Citation:  Pp. 119-122 in Total Maximum Daily Load (TMDL) Environmental Regulations–II Proceedings of the 8-12 November 2003 Conference (Albuquerque, New Mexico USA), Publication Date 8 November 2003.  .(doi:10.13031/2013.15546)
Authors:   D.S. Fisher and A.L. Dillard
Keywords:   animal wastes, bacteria, fecal coliform, lakes, microbial, ponds, water quality

The Upper Oconee watershed of Georgia is typical of the Piedmont and water quality is a key issue in the urbanization of this historically agricultural region.

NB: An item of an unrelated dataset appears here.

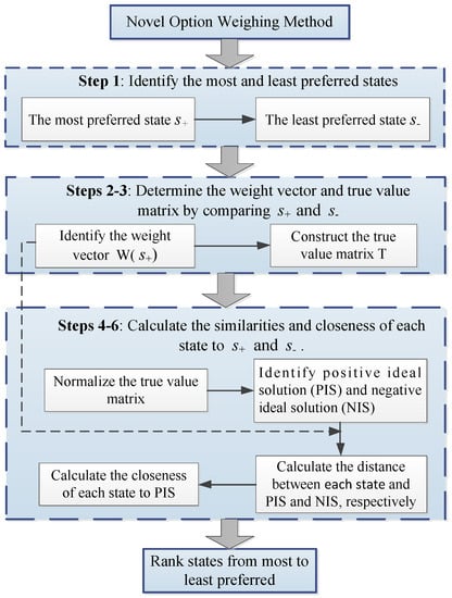 The detailed procedure for calculating a DM’s preference over states by using the novel option weighing method is depicted in
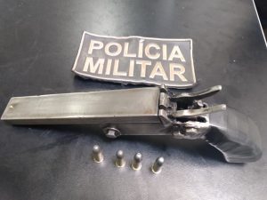 A equipe de radiopatrulha, por volta das 10h15, foi designada pela Central de Atendimento ao 190 para averiguar a denúncia de que um indivíduo estaria portando uma arma de fogo no bairro Industrial de Lourdes. Os policiais foram até a rua Uberlândia, onde realizaram abordagem a pessoa denunciada e com ela foi encontrada uma arma de fogo artesanal carregada com quatro munições calibre 38.

Fecal indicators may be found in higher numbers than regulatory targets and agricultural non-point sources are sometimes implicated. We enumerated E. coli and enterococci bacteria at 18 sites for 3 years (2200 observations) within the Upper Oconee watershed of Georgia in the Southern Piedmont of the USA. Contributing areas ranged from 1,500 to 40,000 ha. Even though both E. coli and enterococci are both used as fecal indicator organisms they were not highly correlated. High numbers of enterococci relative to E. coli may indicate wildlife sources. Cumulative distributions provided a means of comparing various regulatory threshold levels and the percentage of observations below the threshold. With the E. coli data pooled, approximately 25% of the samples were below 200 MPN/100 ml, approximately 68% were below 550 MPN/100 ml, and at 1000 MPN/100 ml only 82% of the samples had lower estimates. With the enterococci data, 38% of the samples were below 200 MPN/100 ml, 72% were below 550 MPN/100 ml, and approximately 82% of the samples were below 1000 MPN/100 ml. The two assays had similar distributions but enterococci numbers were more frequently (38% vs. 25%) below an MPN of 200 /100ml than E. coli. Both assays indicate contamination but lack of correlation may be related to source and viability in the watershed.